EVS

Introduction

Source code for the EMNLP 2022 main conference long paper "Entropy-Based Vocabulary Substitution for Incremental Learning in Multilingual Neural Machine Translation"

In this work, we propose an entropy-based vocabulary substitution (EVS) method that just needs to walk through new language pairs for incremental learning in a large-scale multilingual data updating while remaining the size of the vocabulary.

Get Started

(Core) Data Preprocessing.

Standard BPE Procedure: following https://github.com/google/sentencepiece with 64k merged BPE tokens.

EVS:

After obtaining the original vocabulary and the incremental vocabulary, you can run scripts for vocabulary substitution in three modes.

EVS (Ours)
frequency (choose the top-K words with the highest frequency)
combine (Expansion)

(Optional) Model Training.

This system has been tested in the following environment.

Python version == 3.7

Pytorch version == 1.8.0

Fairseq version == 0.12.0 (pip install fairseq)

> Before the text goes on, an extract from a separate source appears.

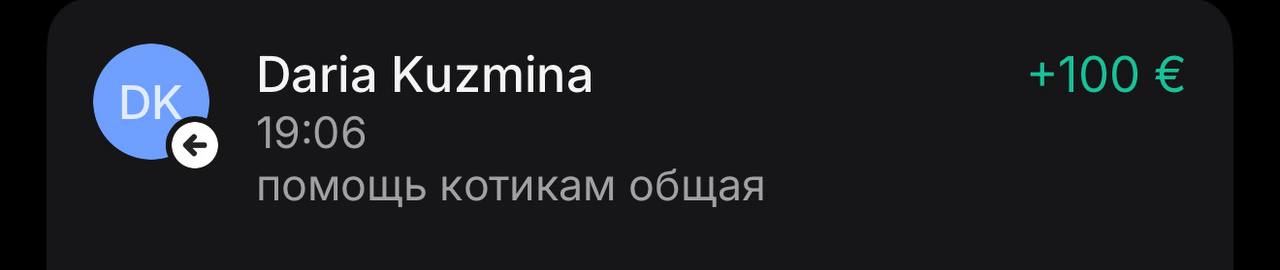 @kris_the_cuteМне приходили средства от Дарьи и Дарьи. Милые, добрые девушки !!!! Спасибо Вам огромнейшее!!!! Эти деньги были очень вовремя!!! Спасибо Вам обеим за доверие и неоценимую помощь♥️♥️♥️)

Note that it only influences the training procedure of the original and incremental model. You can choose your favorite deep learning library for model training.

Incremental Learning

We build the incremental learning procedure for Multilingual Neural Machine Translation as follows:

Get original multilingual translation models (or train a multilingual translation model by yourself). We will provide two MNMT models and training scripts for reproducibility.

Data url: Permission review

Model url: Permission review
Preprocessing incremental data

Data Clean (optional, if needed)
Get Vocabulary (follow standard BPE procedure)
Get Vocabulary Feature (generated the incremental vocabulary with features, only for EVS). We will provide a vocabulary with features for the next stage, and you can also statisfy the feature on your own dataset.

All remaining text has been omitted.